# WHAT IS REQUIRED
Give back the line containing "名刺スキャン機能の追加により" along with every line after it, exactly, until the entries end.

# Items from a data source
● ● ● ● ●
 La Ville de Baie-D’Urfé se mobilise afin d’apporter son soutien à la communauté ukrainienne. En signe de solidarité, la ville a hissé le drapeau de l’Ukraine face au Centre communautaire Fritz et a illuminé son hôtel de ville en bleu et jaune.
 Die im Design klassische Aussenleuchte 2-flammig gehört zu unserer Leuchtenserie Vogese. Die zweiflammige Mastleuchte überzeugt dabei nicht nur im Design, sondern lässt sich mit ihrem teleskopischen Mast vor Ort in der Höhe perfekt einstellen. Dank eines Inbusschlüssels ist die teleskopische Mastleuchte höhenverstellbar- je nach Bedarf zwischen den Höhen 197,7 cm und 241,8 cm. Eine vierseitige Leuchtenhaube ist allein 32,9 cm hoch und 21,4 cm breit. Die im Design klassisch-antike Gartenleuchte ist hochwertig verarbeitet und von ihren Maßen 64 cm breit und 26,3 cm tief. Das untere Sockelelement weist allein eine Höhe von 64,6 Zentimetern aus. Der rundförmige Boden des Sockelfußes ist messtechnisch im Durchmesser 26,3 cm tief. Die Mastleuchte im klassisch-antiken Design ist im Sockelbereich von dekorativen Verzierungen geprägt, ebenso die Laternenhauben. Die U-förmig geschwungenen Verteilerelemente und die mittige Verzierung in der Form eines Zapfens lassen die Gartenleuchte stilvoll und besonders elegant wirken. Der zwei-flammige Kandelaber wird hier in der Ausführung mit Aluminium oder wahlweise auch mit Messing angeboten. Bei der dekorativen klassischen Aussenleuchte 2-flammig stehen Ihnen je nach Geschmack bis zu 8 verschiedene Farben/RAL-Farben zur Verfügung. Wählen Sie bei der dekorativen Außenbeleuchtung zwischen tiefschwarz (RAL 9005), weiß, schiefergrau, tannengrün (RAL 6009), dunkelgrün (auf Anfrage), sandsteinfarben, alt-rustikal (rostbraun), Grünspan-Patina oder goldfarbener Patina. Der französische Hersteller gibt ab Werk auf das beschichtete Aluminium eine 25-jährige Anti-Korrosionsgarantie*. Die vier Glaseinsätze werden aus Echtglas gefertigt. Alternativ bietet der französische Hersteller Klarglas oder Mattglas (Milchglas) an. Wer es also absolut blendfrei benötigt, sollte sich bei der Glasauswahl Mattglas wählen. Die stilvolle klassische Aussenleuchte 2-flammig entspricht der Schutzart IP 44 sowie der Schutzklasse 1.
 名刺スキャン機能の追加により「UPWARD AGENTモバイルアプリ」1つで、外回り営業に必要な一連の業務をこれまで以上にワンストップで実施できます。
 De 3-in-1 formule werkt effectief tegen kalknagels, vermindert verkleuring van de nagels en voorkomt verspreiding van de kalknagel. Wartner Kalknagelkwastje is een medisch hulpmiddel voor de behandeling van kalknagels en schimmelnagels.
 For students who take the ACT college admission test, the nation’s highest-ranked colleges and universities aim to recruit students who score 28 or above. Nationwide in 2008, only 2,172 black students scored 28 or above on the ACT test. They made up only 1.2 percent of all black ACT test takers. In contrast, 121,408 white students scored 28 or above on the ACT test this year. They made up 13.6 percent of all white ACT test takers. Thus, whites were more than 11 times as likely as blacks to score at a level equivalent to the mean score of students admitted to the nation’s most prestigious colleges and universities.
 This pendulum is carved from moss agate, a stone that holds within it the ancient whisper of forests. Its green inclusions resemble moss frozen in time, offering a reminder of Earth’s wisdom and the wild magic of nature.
● ● ● ● ●
# RESULT OF THIS EXERCISE
 名刺スキャン機能の追加により「UPWARD AGENTモバイルアプリ」1つで、外回り営業に必要な一連の業務をこれまで以上にワンストップで実施できます。
 De 3-in-1 formule werkt effectief tegen kalknagels, vermindert verkleuring van de nagels en voorkomt verspreiding van de kalknagel. Wartner Kalknagelkwastje is een medisch hulpmiddel voor de behandeling van kalknagels en schimmelnagels.
 For students who take the ACT college admission test, the nation’s highest-ranked colleges and universities aim to recruit students who score 28 or above. Nationwide in 2008, only 2,172 black students scored 28 or above on the ACT test. They made up only 1.2 percent of all black ACT test takers. In contrast, 121,408 white students scored 28 or above on the ACT test this year. They made up 13.6 percent of all white ACT test takers. Thus, whites were more than 11 times as likely as blacks to score at a level equivalent to the mean score of students admitted to the nation’s most prestigious colleges and universities.
 This pendulum is carved from moss agate, a stone that holds within it the ancient whisper of forests. Its green inclusions resemble moss frozen in time, offering a reminder of Earth’s wisdom and the wild magic of nature.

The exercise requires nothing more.